Ubuntu ユーザーの 40% に脆弱性:Linux カーネル・プロジェクトとの整合性の問題

Almost 40% of Ubuntu users vulnerable to new privilege elevation flaws

2023/07/26 BleepingComputer — 先日に、Ubuntu カーネルに取り込まれてしまった2つの Linux 脆弱性により、権限のないローカル・ユーザーによる昇格昇格が、発生する可能性が生じている。Ubuntu は、最も広く利用されている Linux ディストリビューションの1つであり、特に米国では人気が高く、約 4000万人以上のユーザーを抱えている。Wiz の研究者である S. Tzadik と S. Tamari により発見された、脆弱性 CVE-2023-32629/CVE-2023-2640 が、このオペレーティング・システムに取り込まれてしまったことで、Ubuntu のユーザー・ベースの約 40% に影響が生じている。 v


Ubuntu Linux カーネルに存在する、不適切なパーミッション・チェックの脆弱性 CVE-2023-2640 (CVSS:7.8) により、ローカルの攻撃者が特権を得ることが可能になる。

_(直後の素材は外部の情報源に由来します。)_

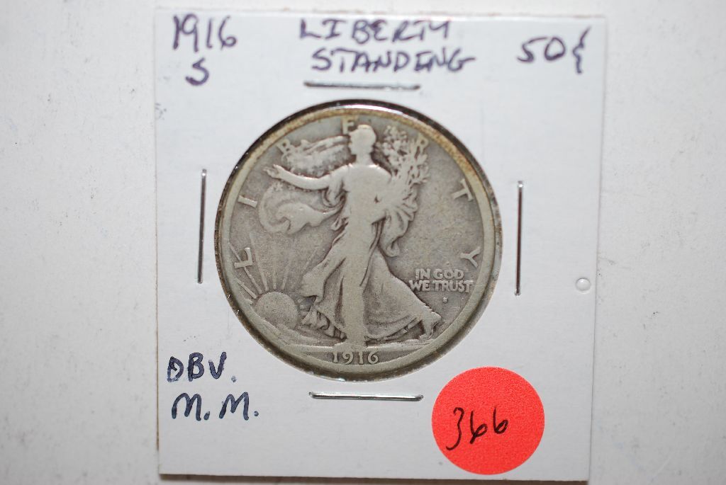 1916-S Walking Liberty Half Dollar; Mint Mark Obv.; EST. $100-150

また、Linux カーネルのメモリ管理サブシステムに存在する、脆弱性 CVE-2023-32629 (CVSS:5.4) は、VMA にアクセスする際の競合状態に起因する use-after-free を引き起こし、ローカルの攻撃者に任意のコード実行を許してしまう可能性がある。

Wiz の2人のアナリストは、Linux カーネルへの OverlayFS モジュールの実装に矛盾があることを発見し、この問題の解明へと至った。

OverlayFS は Union Mount Filesystem の実装であり、ユーザー・ネーム・スペース経由で非特権アクセスを可能にするものであり、悪用されやすいバグに悩まされ、過去においても脅威あアクターたちに狙われてきた。

OverlayFS を使用しているディストリビューションの1つである Ubuntu は、2018年に OverlayFS モジュールにカスタム変更を実装しており、概ね安全であった。

しかし、2019年と2022年に Linux カーネル・プロジェクトが、モジュールに独自の修正を加えたことで、Ubuntu による変更と衝突が生じている。最近になって Ubuntu は、それらの変更を含むコードを採用したことで、2つの脆弱性を取り込むことになった。

残念なことに、この2つの脆弱性に関しては、以前から PoC エクスプロイトが公開されているため、悪用のリスクが差し迫っている。

Wiz の研究者たちは、「どちらの脆弱性も、OverlayFS モジュールに対する Ubuntu 固有の変更に起因しているため、Ubuntu カーネルだけのものとなる。過去における OverlayFS の脆弱性に対する古いエクスプロイトが、何の変更もなく動作することから、これらの脆弱性に対する武器化されたエクスプロイトは、すでに公開されていると捉えるべきだ」と警告している。

この2つの欠陥が影響を与えるのは Ubuntu のみであり、Ubuntu のフォークを含む、その他の Linux ディストリビューションにおいて、OverlayFS モジュールのカスタム修正を行っていないものは安全であることに注意すべきだ。

Ubuntu は、Ubuntu Linux カーネルの最新バージョンにより、この問題は対処されている。さらに、6件の脆弱性に関するセキュリティ・アップデートも提供されている。

サードパーティ製カーネルモジュールの再インストールや有効化の方法がわからないユーザーに対しては、パッケージ・マネージャー経由でのアップデートが推奨される。Ubuntu における Linux カーネル・アップデートを有効化するには、インストール後に再起動が必要である。